Various embodiments are described wherein, mixing state of the new quanta volume and original quanta volume produces a uniform quanta volume.

Various embodiments are described wherein, further comprising a direction, and wherein moving the new quanta volume into the device includes moving in the direction into the device.

Various embodiments are described wherein, moving the new quanta volume out of the device includes moving in the direction out of the device.

Various embodiments are described that further includes determining a timestep.

Various embodiments are described where the neural network is a recurrent neural network.

Various embodiments are described where the new quanta volume is based on size of the timestep.

Various embodiments are described wherein, further comprising returning the quanta volume to the original size.

Various embodiments are described wherein, a computing system is disclosed that determines device behavior during a timestep.
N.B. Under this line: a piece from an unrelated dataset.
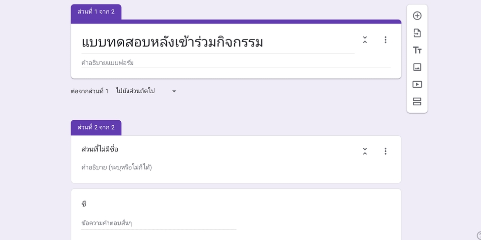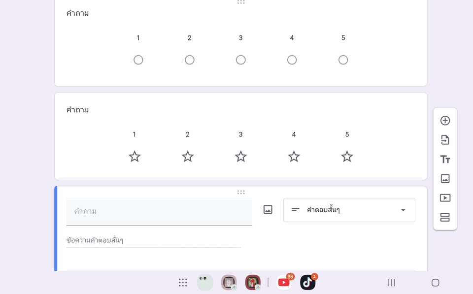 ฿400- สร้างแบบสอบถาม แบบประเมิน แบบสำรวจ google forms ตามลายละเอียดของลูกค้า - ลูกค้าสามารถแก้ได้ไม่เกิน 3 ครั้ง

This computing system includes one or more physical computer processors and non-transient electronic storage, and a simulation engine executed by a processor of the computing system to simulate real-time device behavior of a simulated building system including a timestep, and a device, the device having a quanta, an original size, and original quanta volume, the original quanta volume having a size, an original quanta state; comprising: during a timestep: receiving a new quanta volume, the new quanta volume based on size of the timestep, the new quanta volume having a new quanta state; extending size of the device quanta to accommodate original quanta volume plus the new quanta volume; moving the new quanta volume into the device; mixing new quanta volume and the original quanta volume producing a timestep volume; applying a timestep state to the timestep volume; and moving the new quanta volume out of the device.

Various embodiments are described wherein, mixing new quanta volume includes using the new quanta state and the original quanta state to determine the timestep volume.
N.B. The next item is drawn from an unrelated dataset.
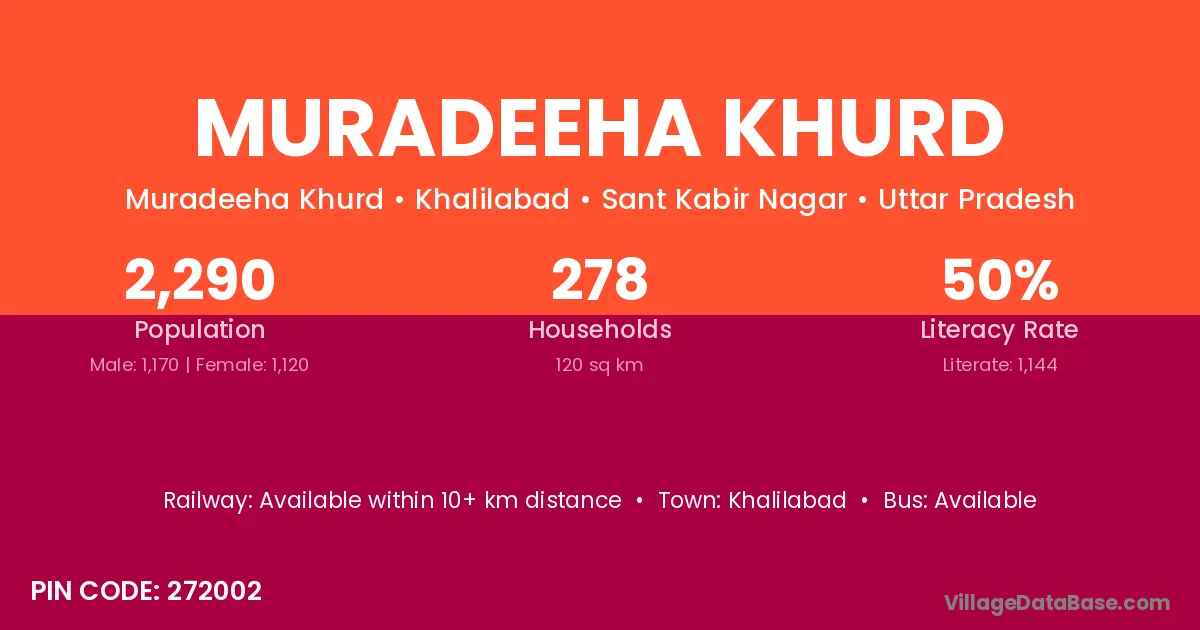 Muradeeha Khurd village has a total population of 2,290 people, of which 1,170 are males and 1,120 are females.

Various embodiments are described wherein, the device is a pump, a storage area, or a heat exchanger.

Various embodiments are described wherein, the quanta is a liquid, a compressible gas, or a representation of a physical object.

Various embodiments are described wherein, the state is temperature.

Various embodiments are described wherein, a non-transient computer-readable storage medium is disclosed, which includes a plurality of instructions which, when executed by a computer cause the computer to execute a simulate timestep. This includes a simulation engine executed by a processor of the computer to simulate real-time device behavior of a simulated building system including a timestep, and a device, the device having a quanta, an original size, and original quanta volume, the original quanta volume having a size, an original quanta state; comprising: during a timestep: receiving a new quanta volume, the new quanta volume based on size of the timestep, the new quanta volume having a new quanta state; extending size of the device to accommodate original quanta volume plus the new quanta volume; moving the new quanta volume into the device; mixing state of the new quanta volume and the original quanta volume producing a timestep volume; applying a timestep state to the timestep volume; and moving the new quanta volume out of the device.

The description and drawings presented herein illustrate various principles. It will be appreciated that those skilled in the art will be able to devise various arrangements that, although not explicitly described or shown herein, embody these principles and are included within the scope of this disclosure. As used herein, the term, “or,” refers to a non-exclusive “or” (i.e., and/or), unless otherwise indicated (e.g., “or else” or “or in the alternative”). Additionally, the various embodiments described herein are not necessarily mutually exclusive and may be combined to produce additional embodiments that incorporate the principles described herein.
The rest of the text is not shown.